07-13-2010, 09:24 AM
Hi Waik
I'm missing the point for what purpose you are going to use the SIP tunnel. This feature is mainly for those who installed many Quadros at different office locations and want to have a unique private dial plan across all offices. Without SIP tunneling feature they could achieve the above mentioned goal in one of the following ways:
- Installing the SIP server, configuring it with the needed SIP accounts and dial plan and registering all extensions of all Quadros on that server. The drawbacks of this approach are (just mentioning some of them): the necessity of installation and configuration of primary and backup SIP servers; necessity of configuring new accounts on the server every time when new users are adding to existing Quadros, etc.
- Using the routing tables on Quadro to configure the unique dial plan without SIP server. The main problem with this approach is: the necessity of changing some or all routing tables every time when IP address of Quadro WAN changes
- Using the routing tables on Quadro to configure the unique dial plan without SIP server but to avoid the problems of the previous approach – using the hostnames in the routing tables rather than IP addresses that may change. This needs to configure the dynamic DNS on all Quadros with dynamic IP address.
With the SIP tunneling feature the user can easily build a PBX network of any size without any SIP server and the like.
Conceptually, the SIP tunnel is a two way tunnel that needs to be configured at both endpoint Quadros: on master Quadro it should be configured as a tunnel to slave device and on slave Quadro vice versa – as a tunnel to master device.
Also, when the SIP tunnel is configured between two Quadros, the Slave Quadro registers on Master (regular SIP registration) using the "User name" and password configured with the tunnel.

07-13-2010, 11:55 PM

Thanks for your post.

we have 2 sites and are using Quadro VOIP gateway (QuadroM, QuadroISDN - both connect to Panasonic PABX) we would like to using the WAN link (VPN with no ports blocked) to route inter-site calls. The SIP_tunnel is what we used to route calls between the 2 Quadro devices (without using a SIP server). However, by following the steps in the manual, we can't get pass the 1st step, establish authenication between master and slave Quadro devices.

we try
1. open firewall ports on both sites and port forwarding the chosen port to the Quadro.
2. then we use the WAN link (like a direct link)
but both are failed (either network failure or timeout), however, can ping each other in the web interface (network tool).

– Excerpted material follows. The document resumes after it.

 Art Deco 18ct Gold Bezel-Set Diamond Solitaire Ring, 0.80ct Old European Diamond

We're trying to establish inter-site calls using method 2 and 3 as listed in your post.

07-14-2010, 03:06 AM

Inter office calls are definitely possible I have several sites that are doing exactly that irrespective of the other cpe on the other side.

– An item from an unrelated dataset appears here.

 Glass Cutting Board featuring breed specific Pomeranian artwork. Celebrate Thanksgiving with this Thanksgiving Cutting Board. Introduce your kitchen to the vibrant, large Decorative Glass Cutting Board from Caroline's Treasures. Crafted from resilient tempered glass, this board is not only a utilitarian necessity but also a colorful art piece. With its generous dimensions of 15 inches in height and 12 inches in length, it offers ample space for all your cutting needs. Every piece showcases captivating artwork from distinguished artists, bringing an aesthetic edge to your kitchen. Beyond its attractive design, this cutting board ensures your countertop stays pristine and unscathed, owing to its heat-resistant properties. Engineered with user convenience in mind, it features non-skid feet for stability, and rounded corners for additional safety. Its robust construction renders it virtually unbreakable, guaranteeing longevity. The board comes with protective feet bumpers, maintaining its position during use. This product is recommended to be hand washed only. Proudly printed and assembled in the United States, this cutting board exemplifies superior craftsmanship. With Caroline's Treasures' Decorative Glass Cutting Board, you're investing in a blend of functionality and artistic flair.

Draw youself a network map, include the IP Addresses and see if you have some form of overlap of IP addressing. If not look at a subnet mask in case some other problem is occuring because of packets going via the wrong gateway or even that the gateway itself is coming into play causing the poblem.

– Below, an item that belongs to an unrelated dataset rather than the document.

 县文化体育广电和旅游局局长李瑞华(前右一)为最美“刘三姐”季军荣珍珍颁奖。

Draw yourself a map... fill in the details - post it here just incase ..



08-23-2010, 11:52 PM

To allow SIP tunneling to work, is there any requirement? e.g. it works with LAN port only? (based on your previous post - lan side of the master Quadro). i.e. not from the WAN port?


08-24-2010, 09:40 AM
SIP tunnel works both on LAN and WAN. The requirements are:
Slave device sends the SIP registration message to Master so the IP address and SIP port of the Master should be known by Slave and configured on Slave.
Master has to be able to receive the SIP registration messages from Slave, which means the firewall shall be open for those messages. Also, the same SIP user name and authentication password should be configured on both devcies otherwise, the Slave will not pass authentication.

10-19-2010, 10:01 PM
can I use the standard SIP port for the tunnels? I got the tunnels establish between the 2 Epygi devices. When make call and route thru the tunnel, master device said timeout but the slave device didn't have such event logged (i.e. seems no incoming call). any troubleshooting tips or setting that I can enable the logging in the slave device?